Trends and Analysis

Glocalisation - a new era for UK Wealth Management

Submitted by David Ross on 01/03/2011

Beach resort at sunsetInvestment management for UK based High-Net-Worth Individuals (HNWIs) is in a period of flux. The age old private banking model of a client implicitly trusting of their adviser is broken. Clients are no longer happy to receive a fresh leather bound cheque book each year and to see their money grow from afar. An era of renewed localism and closer client/manager relationships appears to be dawning. Expert wealth managers offering holistic financial planning and portfolio management seem to have struck a chord with more acutely financially aware investors post credit crisis and are beginning to build market share.
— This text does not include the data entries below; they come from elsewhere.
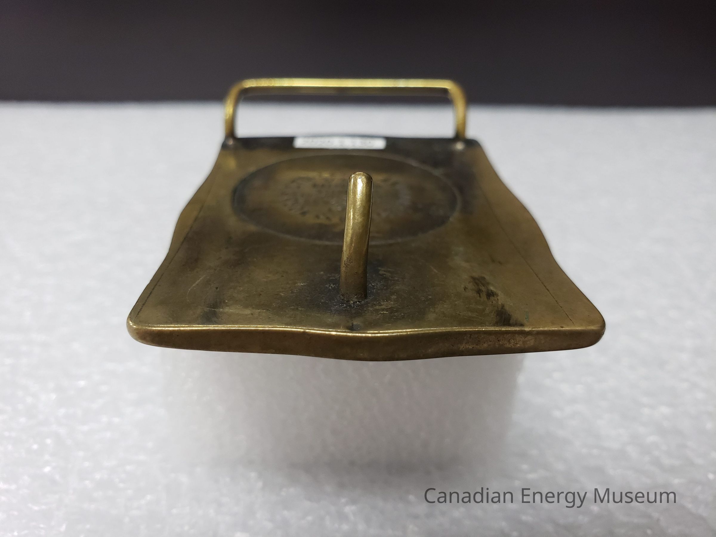 Features: An overlapped curved-rectangular and oval-shaped, cast brass belt buckle, finished in antique-bronze and bearing the imagery of oil equipment and text. The buckle is lightly curved.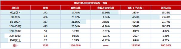 本周全市商品房成交主要集中于60-80萬、 80-100萬、 100-150萬三個總價段,分別占總套數(shù)的28.02%、 21.66%及26.54%;由于呈貢區(qū)數(shù)據(jù)恢復(fù),60萬以下總價段成交出現(xiàn)明顯上漲。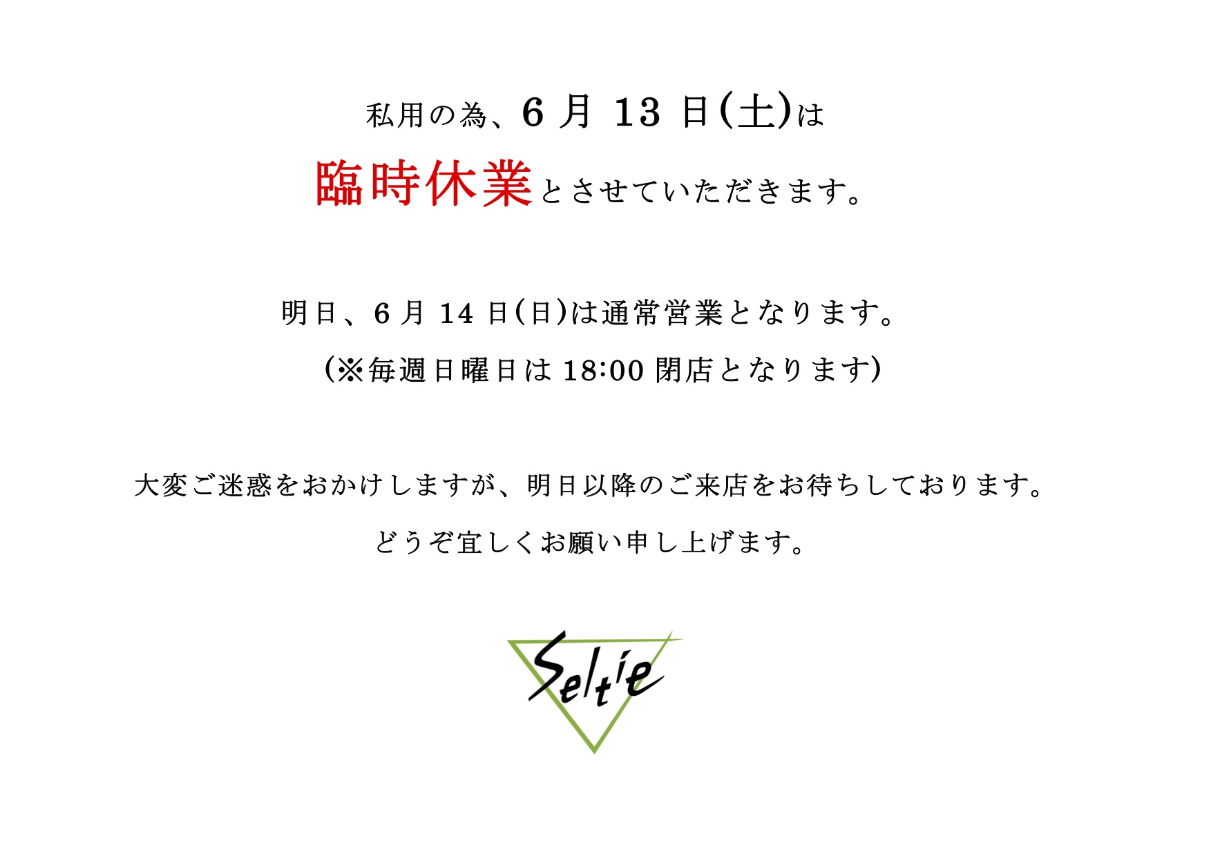 明日6月13日(土)は臨時休業となります。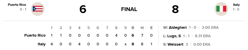 Sin embargo, la ofensiva boricua no pudo completar la remontada y el relevo italiano logró cerrar el encuentro.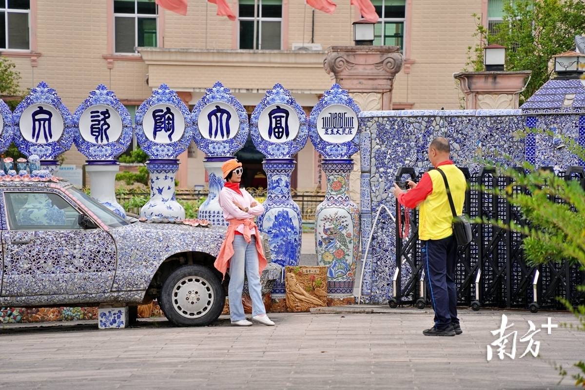 走进位于大埔陶瓷文化创意产业园的富大陶瓷工业旅游区,首先映入眼帘的,是用几十万片青花瓷片镶嵌装饰而成的陶瓷楼,无数纹样精致的瓷片在阳光下熠熠生辉,带来震撼的视觉效果;大门右手边,则是一台独一无二的青花瓷小汽车,车身表面清一色贴满了青花瓷,车牌上“富大陶瓷”四字犹如一张亮眼的名片;再往里走,还有世界上最大的七子龙凤雕花陶瓷大床、巨型陶瓷山水画《青花之乡万川古韵》……

A report from Capgemini suggests that the financial crisis fundamentally shifted attitudes of HNW individuals toward wealth management with investors wanting to take a more hands-on role in their finances. Many lost substantially in the banking crisis and laid the blame squarely at the feet of their Private Bankers - many of whom were found wanting in terms of specialist financial knowledge. Capgemini’s report also suggests that many will expect their custodians to report more regularly, consistently and coherently.

This trend is also running concurrently with another, perhaps more portentous, movement. Smaller, specialist wealth managers are keen to capitalise on the new wealthy in markets worldwide and are opening up offices in fertile new pastures, from Scotland to tax havens such as Monaco and emerging economies like Dubai. They are attempting to bring their localist touch to an increasingly financially fastidious global investor community.

Edinburgh is perhaps the archetype of this expansionist trend. Veterans Kleinwort Benson and Quilter have both unveiled new offices, in late 2009 and January 2011 respectively. Cazenove Capital also purchased Edinburgh-based Thornhill in late-2009 to gain exposure to the market. Local factors have undoubtedly played their part in the Scottish capital - the financial crisis left a somewhat depleted local market, further weakened by the recent semi-implosion of RBS-owned Adam & Co. These factors undoubtedly served to entice bigger southern players to try and muscle in on the resurgently buoyant marketplace. However it seems that behavioural and demographic trends are perhaps the most potent factor pushing this expansion.

Wealth managers, excluding the vast investment management arms of the big banks who already have a significant global footprint, are also looking abroad for expansion. Killik & Co identified a burgeoning Middle Eastern HNWI population hungry for holistic, personalised wealth management and set up a successful office in Dubai in 2007. Coutts & Co also expanded its Monaco based team in 2009, ostensibly in response to growing demand from Russia’s new wealthy that had set up shop in the billionaires’ playground.

In 2009 Asia Pacific’s population of HNWIs increased 25.8% - it is now as large as Europe’s HNWI population – net wealth of those Asia Pacific HNWIs increased yet more rapidly, to US$ 9.7 trillion. The vast international private banks have already piled into the area in force; however the more individualist, heterogeneous service offered by traditional wealth managers may strike the same chord with disgruntled investors, a lot of whom lost big in the financial crisis. It will not be long before the irresistible lure of the Asia Pacific honey pot begins to draw UK wealth managers even further afield.